**The task**
Restate word for word the lines below from the one that has "Засматриваюсь на пришвартованные" through the one that has "В серии предусмотрен", keeping both and dropping all pictures.

**Record set**

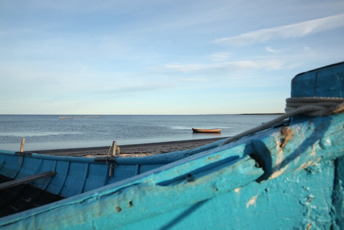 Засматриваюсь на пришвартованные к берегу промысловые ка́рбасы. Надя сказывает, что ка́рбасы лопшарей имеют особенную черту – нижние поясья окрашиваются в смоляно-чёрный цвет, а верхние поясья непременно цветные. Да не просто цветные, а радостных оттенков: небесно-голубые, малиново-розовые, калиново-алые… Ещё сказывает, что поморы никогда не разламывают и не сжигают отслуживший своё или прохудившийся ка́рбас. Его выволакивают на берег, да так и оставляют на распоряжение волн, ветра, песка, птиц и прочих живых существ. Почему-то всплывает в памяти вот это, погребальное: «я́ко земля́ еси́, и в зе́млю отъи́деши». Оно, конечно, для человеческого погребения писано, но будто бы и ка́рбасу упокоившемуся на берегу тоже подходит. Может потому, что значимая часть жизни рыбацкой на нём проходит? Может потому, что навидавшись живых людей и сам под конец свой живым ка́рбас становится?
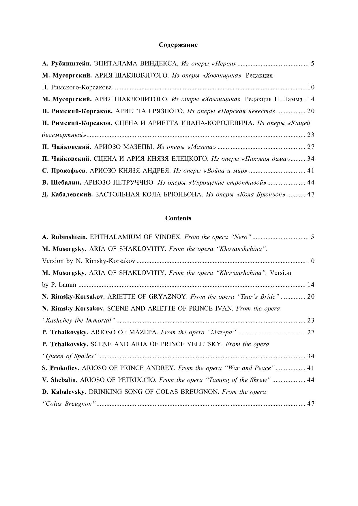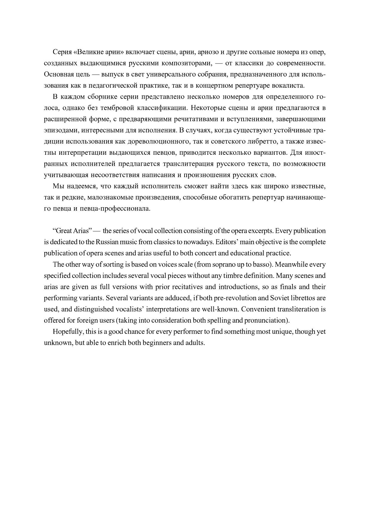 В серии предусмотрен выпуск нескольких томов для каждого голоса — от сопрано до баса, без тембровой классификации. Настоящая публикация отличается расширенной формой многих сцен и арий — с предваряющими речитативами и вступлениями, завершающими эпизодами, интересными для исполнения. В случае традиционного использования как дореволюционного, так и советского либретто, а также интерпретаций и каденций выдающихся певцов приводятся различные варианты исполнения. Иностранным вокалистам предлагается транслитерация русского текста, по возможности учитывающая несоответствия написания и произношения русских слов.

==

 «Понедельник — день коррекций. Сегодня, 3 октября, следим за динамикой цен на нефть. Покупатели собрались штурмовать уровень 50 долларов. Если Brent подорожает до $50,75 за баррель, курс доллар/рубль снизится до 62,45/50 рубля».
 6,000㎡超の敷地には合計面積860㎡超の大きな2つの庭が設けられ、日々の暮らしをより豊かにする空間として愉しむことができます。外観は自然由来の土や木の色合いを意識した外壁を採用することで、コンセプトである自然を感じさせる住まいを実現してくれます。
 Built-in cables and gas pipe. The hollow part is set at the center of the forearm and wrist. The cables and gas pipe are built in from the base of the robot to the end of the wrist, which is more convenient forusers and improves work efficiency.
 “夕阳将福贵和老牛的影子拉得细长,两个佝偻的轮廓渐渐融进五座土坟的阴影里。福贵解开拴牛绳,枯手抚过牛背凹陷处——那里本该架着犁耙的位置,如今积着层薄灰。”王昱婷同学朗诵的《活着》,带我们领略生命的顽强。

---

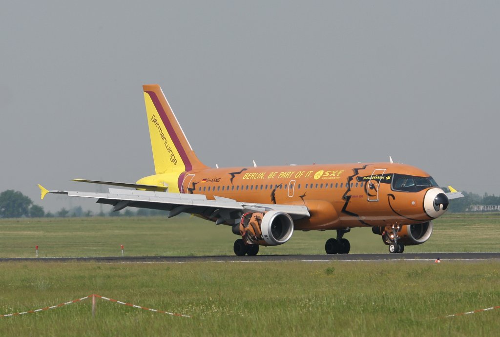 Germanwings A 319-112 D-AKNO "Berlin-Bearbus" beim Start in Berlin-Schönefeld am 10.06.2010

**Final answer**
 Засматриваюсь на пришвартованные к берегу промысловые ка́рбасы. Надя сказывает, что ка́рбасы лопшарей имеют особенную черту – нижние поясья окрашиваются в смоляно-чёрный цвет, а верхние поясья непременно цветные. Да не просто цветные, а радостных оттенков: небесно-голубые, малиново-розовые, калиново-алые… Ещё сказывает, что поморы никогда не разламывают и не сжигают отслуживший своё или прохудившийся ка́рбас. Его выволакивают на берег, да так и оставляют на распоряжение волн, ветра, песка, птиц и прочих живых существ. Почему-то всплывает в памяти вот это, погребальное: «я́ко земля́ еси́, и в зе́млю отъи́деши». Оно, конечно, для человеческого погребения писано, но будто бы и ка́рбасу упокоившемуся на берегу тоже подходит. Может потому, что значимая часть жизни рыбацкой на нём проходит? Может потому, что навидавшись живых людей и сам под конец свой живым ка́рбас становится?
 В серии предусмотрен выпуск нескольких томов для каждого голоса — от сопрано до баса, без тембровой классификации. Настоящая публикация отличается расширенной формой многих сцен и арий — с предваряющими речитативами и вступлениями, завершающими эпизодами, интересными для исполнения. В случае традиционного использования как дореволюционного, так и советского либретто, а также интерпретаций и каденций выдающихся певцов приводятся различные варианты исполнения. Иностранным вокалистам предлагается транслитерация русского текста, по возможности учитывающая несоответствия написания и произношения русских слов.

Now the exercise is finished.